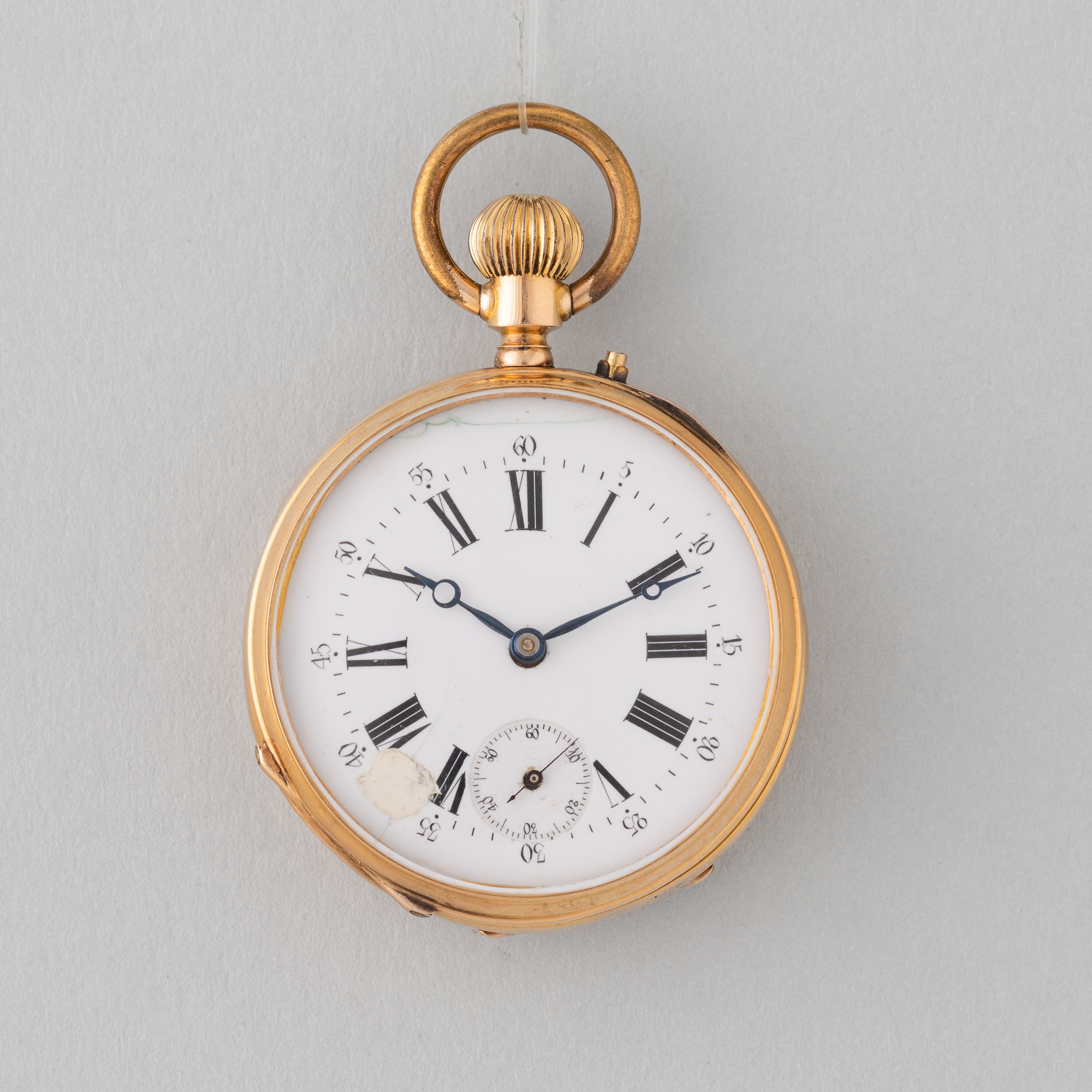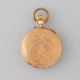 Cassa in oro 18 k cesellata firmata, scappamento con movimento a cilindro, carica a remontoir, quadrante con mancanze
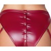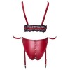 Sujetador, tanga y liguero de Cottelli BONDAGE confeccionados en elegante material rojo mate, con delicadas inserciones de encaje negro y detalles metálicos plateados. El seductor sujetador tiene copas con aberturas que se abren fácilmente mediante botones a presión. Los tirantes del sujetador y la tira bajo el busto son ajustables para un ajuste perfecto. El tanga con liguero también tiene botones a presión, que se pueden abrir desde la parte superior de la entrepierna hasta la parte superior de las nalgas. Hay anillas en los laterales y en la parte trasera, y los dos cierres incluidos (con gancho y anilla) se pueden fijar a estas anillas. Las tiras del cinturón de ligas son ajustables y se pueden quitar por completo.
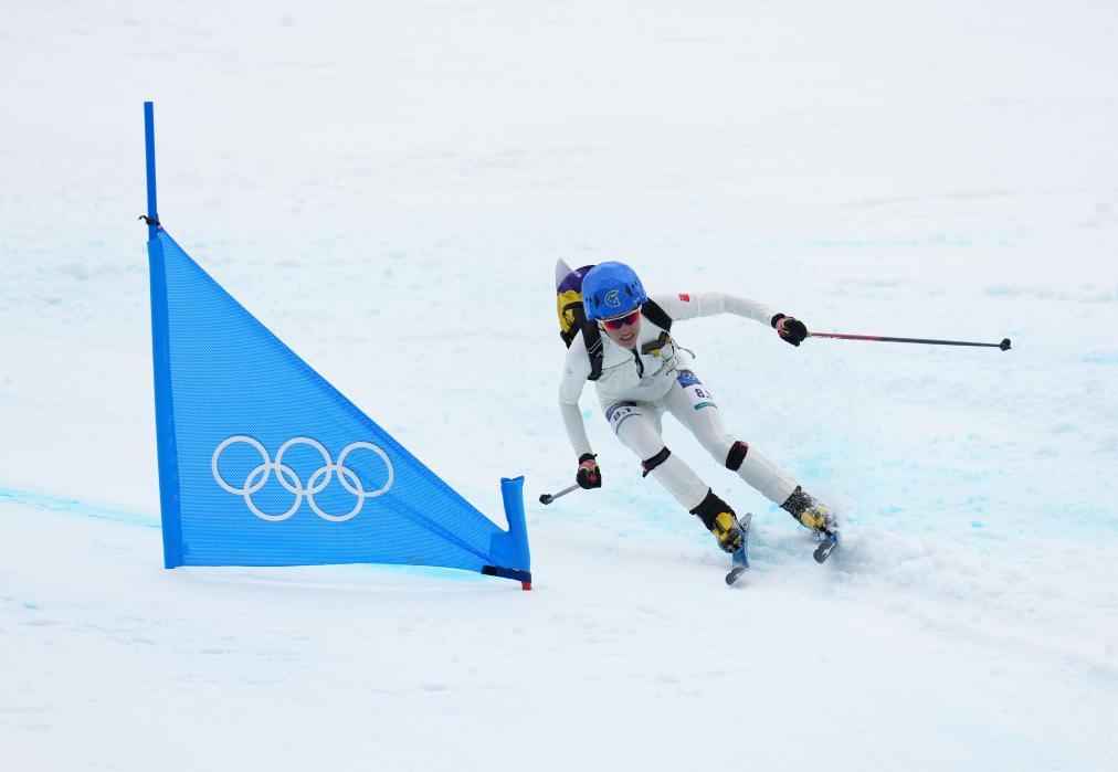 中国队选手次旦玉珍在米兰冬奥会滑雪登山混合接力比赛中。新华社记者 胡虎虎 摄
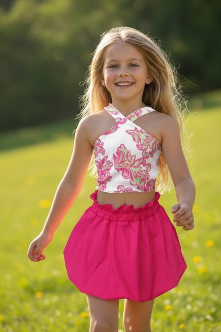 Σετ φούστα μπάλου με κροπ-τοπ φουξ χρώμα
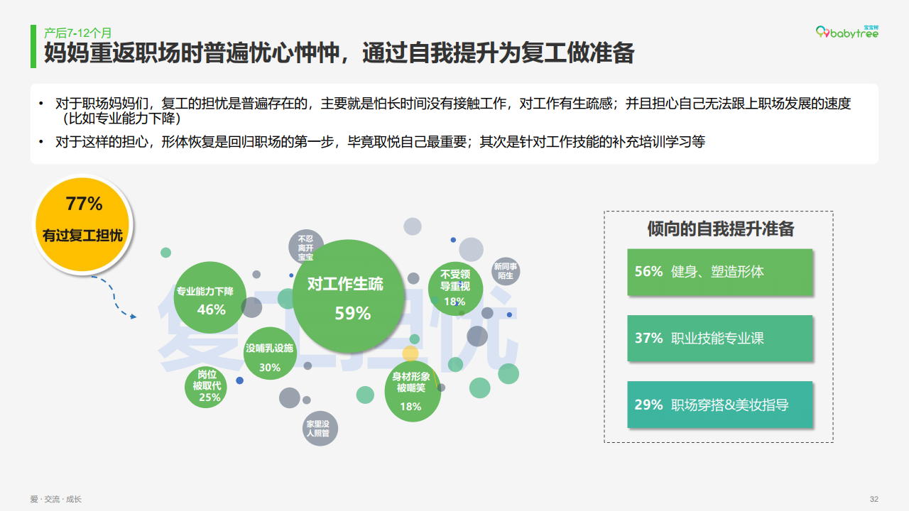 在高线城市,职场妈妈占比46.8%,从生完宝宝到重返职场,职场妈妈复工的担忧主要集中在怕长时间没有接触工作,对工作有生疏感;并且担心自己无法跟上职场发展的速度。
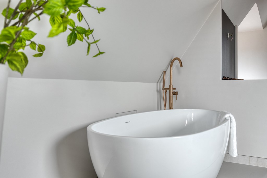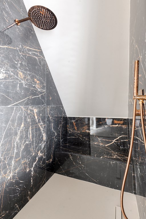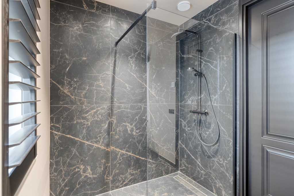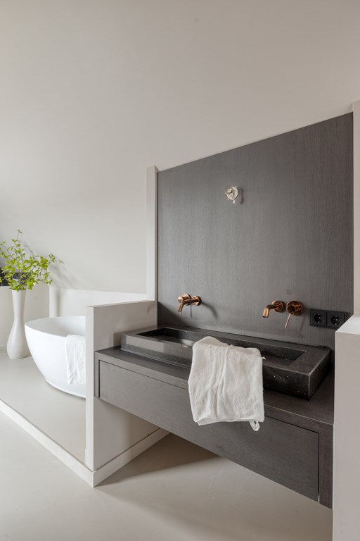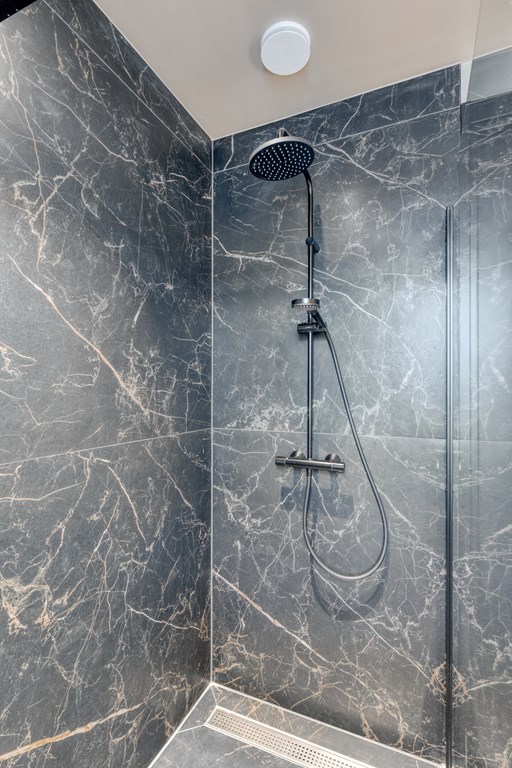 De moderne badkamer is volledig betegeld en voorzien van een inloopdouche met glazen wand, een dubbele wastafel met spiegel en Sonos-speaker. Op de overloop bevindt zich een separate toiletruimte met zwevend toilet. Alles straalt kwaliteit en comfort uit.

= WHAT YOU SHOULD DO =
Exclude every picture, then reproduce the remaining data character for character.

= RESULT OF THE EXERCISE =
 Cassa in oro 18 k cesellata firmata, scappamento con movimento a cilindro, carica a remontoir, quadrante con mancanze
 Sujetador, tanga y liguero de Cottelli BONDAGE confeccionados en elegante material rojo mate, con delicadas inserciones de encaje negro y detalles metálicos plateados. El seductor sujetador tiene copas con aberturas que se abren fácilmente mediante botones a presión. Los tirantes del sujetador y la tira bajo el busto son ajustables para un ajuste perfecto. El tanga con liguero también tiene botones a presión, que se pueden abrir desde la parte superior de la entrepierna hasta la parte superior de las nalgas. Hay anillas en los laterales y en la parte trasera, y los dos cierres incluidos (con gancho y anilla) se pueden fijar a estas anillas. Las tiras del cinturón de ligas son ajustables y se pueden quitar por completo.
 中国队选手次旦玉珍在米兰冬奥会滑雪登山混合接力比赛中。新华社记者 胡虎虎 摄
 Σετ φούστα μπάλου με κροπ-τοπ φουξ χρώμα
 在高线城市,职场妈妈占比46.8%,从生完宝宝到重返职场,职场妈妈复工的担忧主要集中在怕长时间没有接触工作,对工作有生疏感;并且担心自己无法跟上职场发展的速度。
 De moderne badkamer is volledig betegeld en voorzien van een inloopdouche met glazen wand, een dubbele wastafel met spiegel en Sonos-speaker. Op de overloop bevindt zich een separate toiletruimte met zwevend toilet. Alles straalt kwaliteit en comfort uit.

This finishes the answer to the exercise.